Submitting Short Stories

I've never had much luck submitting short stories to literary journals for publication, thought honestly I haven't tried very hard or submitted very many since I was in college. Strange to say, I've published more novels than I have short stories. I once had a story come in as a finalist for the Indiana Review and Iowa fiction awards, but that's about as far as I got with even that story. There are a dozen factors in getting your story published in a journal, from how good your story is to the taste of the editor (or assistant) that reads it to the overwhelming competition to place a story in general. For several top journals, and even mid-tier journals, the acceptance rate can hover around 1%, or less. For every novel that gets completed, there are probably a hundred or a thousand short stories written, many in workshop programs that can only fit in short stories due to the unwieldy nature of an entire class trying to workshop a novel.

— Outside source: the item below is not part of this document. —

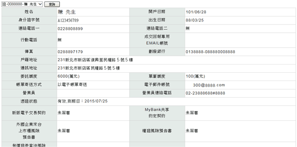 )下拉式選單,顯示使用者的交易帳號。
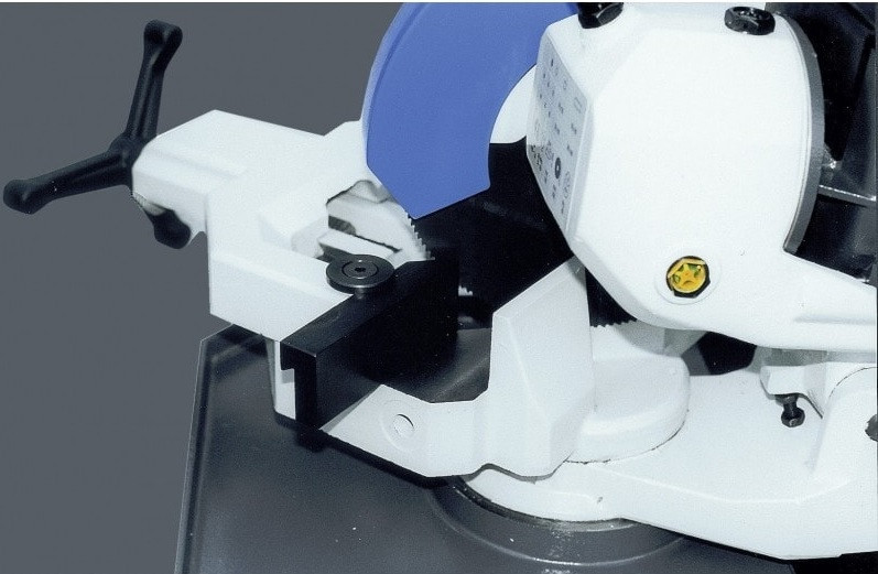 La tête pivotante à ± 45° sur la gauche et la droite, ainsi que l'étau pivotant à ± 45° sur la gauche et la droite avec dispositif anti-bavures, offrent une flexibilité exceptionnelle pour des coupes précises et nettes dans différentes directions.

If you're interested in submitting short stories for publication, I found this Manuscript Formatting document on William Shunn's website. I'm pretty sure I did some, but not all, of this correctly back when I was submitting regularly, and having an official looking submission can only help your chances. There's also Duotope's Digest to help guide you in your submission process.

Or, if you don't care about placing your stories somewhere and just want them out there for public consumption, you can just go the route I've taken and put your work up on scribd.

Good luck!

2 comments:

Anonymous said...

i remember that rat/mice short story you had put up once; I remember enjoying it immensely, but i dont think i analysed it at all.

do you still have it hanging around somewhere?

David Oppegaard said...

Hmm. I don't even recall a rat/mouse story...Sorry.